Dr Zinaman warned the misunderstanding could lead to heartache for couples who believe they are struggling to conceive.
Confusion about fertility – and fears of infertility – have fueled a thriving business of fertility clinics, with egg-freezing wine-and-freeze nights, pop-up vans, and boutiques materializing at a spectacular rate in wealthy cities like New York, LA and DC, where fertility preservation is most prolific in the US.
Despite the eye-watering cost – around $15,000-20,000 plus storage – the rate of women putting their eggs on ice has soared in recent years.
Women who undergo the procedure are told as they begin that it is not a guarantee.
For the 10 percent of women that do use their frozen eggs, many say it empowered them to dodge the standard childbearing schedule, to date around, have a longer child-free career, or to wait until they felt more financially, mentally, and logistically stable to raise children.
But the peppy marketing and warnings of impending barrenness can instill fear, then hope, then bitter disappointment if those eggs are lost or don’t produce a pregnancy.
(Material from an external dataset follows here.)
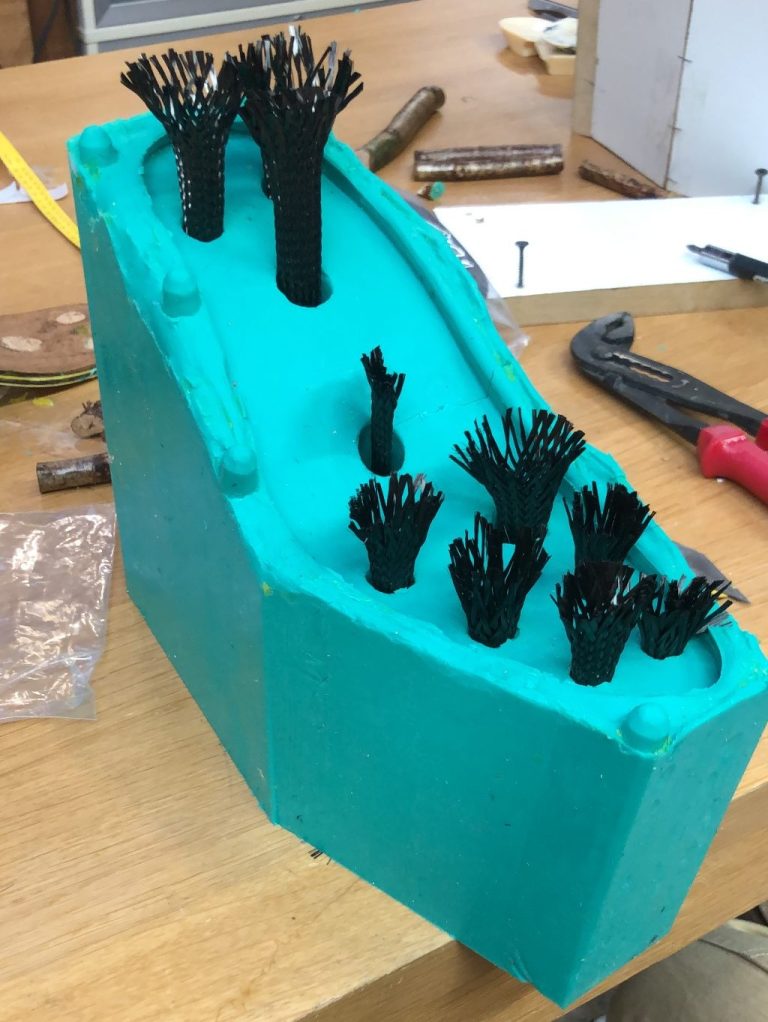 Hierna werd er siliconenrubber in de bak gedaan. Nadat de siliconen uitgehard waren, werd het orgineel verwijderd en kon ik het daadwerkelijke onderwerk gaan maken.

In ‘I Spent $17K Freezing My Eggs And I Regret Every Penny‘, a personal essay for Glamour last month, writer Hannah Selinger describes borrowing money from her family to pay for egg-freezing because she was single, 34, and feared she would soon be unable to conceive.
A couple of years later she was married and conceived naturally.
A year later, she found out her eggs on ice had been destroyed after her ‘rent’ to store them expired, and the place storing them couldn’t get hold of her.
She wrote: ‘What was the point of the degradation of begging for money, of the needles, the ultrasounds, the weight gain, the bloating? What was the point of sinking $17,000 into a procedure that carried no guarantees?’
Brigitte Adams, who became the face of egg-freezing in 2014 when she appeared on the cover of Bloomberg Businessweek with the headline ‘Freeze your eggs, freeze your career’, spoke to DailyMail.com about her confusion over her fertility, and the crushing experience of learning six years later that her 11 eggs were too damaged to use.
‘There’s a hell of a lot more counseling that can be done up front,’ Adams said.
According to new research by Yi-Hong Shao of McGill University, also being presented at the ACOG meeting, while most sites are appealing and attractive, few provide clear information.
Shao reviewed 21 of the most-used websites for fertility preservation, and found most of them (57 percent) contained less than half of the information required by the Canadian Fertility & Andrology Society, which mirrors US guidelines.
Most of the sites were highly complex – requiring a Grade 11 reading level, rather than Grade 8, as public service information should be designed for.
‘Online information on social fertility preservation is easily accessible and esthetically pleasing, but it is not easily readable and does not reflect evidence-based recommendations,’ Shao said.
‘In light of our findings, physicians must fill the knowledge gaps and adequately counsel their patients to optimize a woman’s chance at a successful pregnancy.’
But FertilityIQ’s Anderson cautions that there is also naiveté to assume that fertility clinics have your best interests at heart.
‘I think it’s the patients’ responsibility to understand these things,’ Anderson told DailyMail.com.
‘We should all come to the understanding that not all doctors have incentives in line with the patients.
‘Doctors take a Hippocratic Oath but at the same time two-thirds of these clinics are private practices, and they take an oath of making money for their shareholders. So that puts doctors in an awkward position. You can’t rely on doctors to surface these facts.’